The world shouldn’t wait for another Hiroshima to regulate AI

It is telling that last month’s G7 summit in Japan focused on three big issues, two of which were the Ukraine war and the rise of an assertive China. The third was a bit unusual- Artificial Intelligence (AI) and how to regulate the most powerful technology ever created by man. It was also significant that the meeting was in Hiroshima, where the most destructive technology created in the 20th century was unleashed. Hiroshima was a ‘never again’ moment in nuclear warfare, and it led directly to global regulation with the International Atomic Energy Agency (IAEA) and the Non-Proliferation Treaty. Like the atom, AI is a dual-use technology, promising amazing scientific breakthroughs like cancer cures, but also raising the specter of a destructive super-intelligence and gross abuse. As AI, especially generative AI, races ahead, regulation seems to have been left far behind. In fact, I’ve often spoken about the need for humanity to tame this technology before we face another Hiroshima moment in AI.

There has been an abundance of opinion on this, and it seems the apprehensions have eclipsed the enthusiasm surrounding it. AI is not easy to regulate – it is a borderless technology moving at lightning speed in a geopolitically fragmented world. One of the clearest descriptions of regulating AI I found was by John Thornhill of the Financial Times, who wrote about the 4D challenge of regulating AI (bit.ly/3P3kx7a). The first D is discrimination, in his view—the power of AI and machine learning is how to spot outliers in data patterns. In this way one can identify defects in the production line, or cancer cells among normal cells; However, this same property can also lead to prejudice along racial, gender or nationalistic lines as the AI ​​may not see some of these as conforming to patterns. Propaganda is another issue; If we are to believe “WhatsApp University” as the most efficient disseminators of misinformation, meet the generator! Thornhill’s third D is displacement, mainly for jobs, powerful AI engines like ChatGPT intrude into tasks done by humans. The last one is catastrophe – the fear that super-intelligent AI will, intentionally or otherwise, lead to the destruction of the human race.

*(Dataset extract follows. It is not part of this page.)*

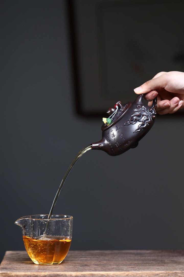 【泥料特點】砂土氣重,似淳實農民,日久使用,漸露鋒芒,養成變化,溫潤莊重。紫砂是壹種雙重氣孔結構的多孔性材質,氣孔微細,密度高。用紫砂壺沏茶,不失原味,且香不渙散,得茶之真香真味。紫砂使用越久,壺身色澤越發光亮照人,氣韻溫雅。紫砂壺長久使用器身會因撫摸擦拭,變得越發溫潤光澤。
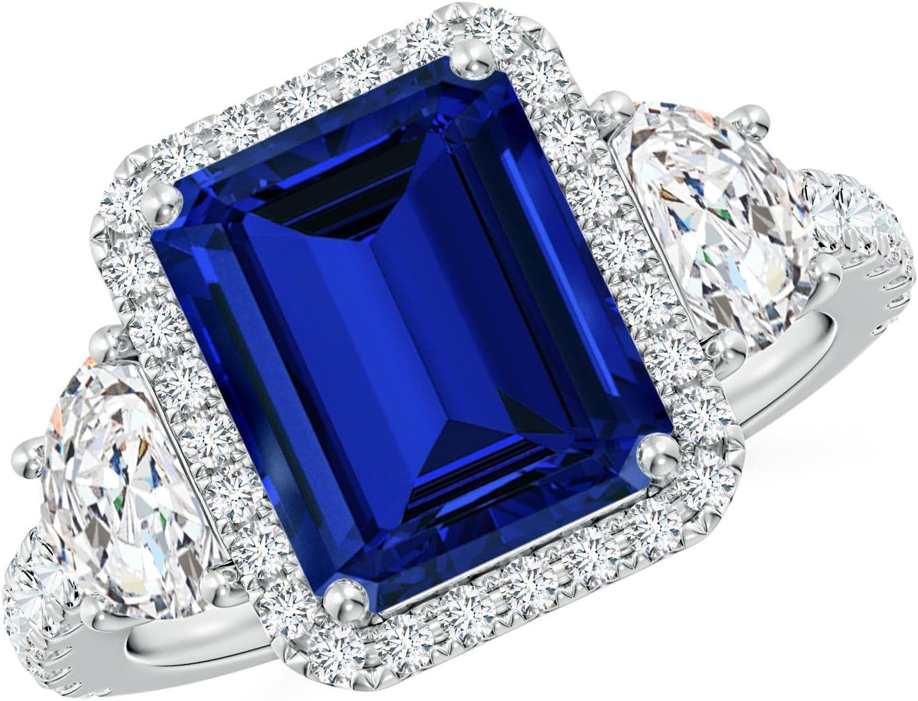 Angara Emerald-Cut Lab Grown Blue Sapphire and Half Moon Diamond Halo Engagement Ring in 14K Solid Gold/Platinum | Birthday, Anniversary, Wedding Jewelry Gift for Women

So how do we control AI and manage these four D’s? Several options are being discussed. The first is licensing, proposed by no less than Sam Altman, CEO of OpenAI. Altman suggested to the US Congress that AI companies would need some sort of license to operate so that they would be regulated to comply with licensing criteria. Unlicensed startups will not be able to create AI. Many see it as a self-service option, protecting existing ones against open source and new competitors, including OpenAI. Additionally, it is unlikely that China or Russia will cooperate with the US-led licensing regime. The second is a Food and Drug Administration (FDA) type of use-case-led regulation. Just like the FDA regulates new drugs and treatments in the US and asks for proof of efficacy and no harm, a body should regulate the use of AI in sensitive areas such as healthcare or aviation. To me, this proposal is dead on arrival, the time it would take to regulate the use case and the global cooperation it would require would make it impractical. The third is a CERN-like approach, where countries and companies come together and collaboratively do all the research, similar to how the Higgs boson or the God particle was discovered at CERN. A variation of this is the ‘isolated island’ approach, where all research takes place in a secure, air-spaced environment and goes out into the wider world only after it has proven beneficial in this protected environment. Again, the idea is noble, but its practical efficacy seems questionable.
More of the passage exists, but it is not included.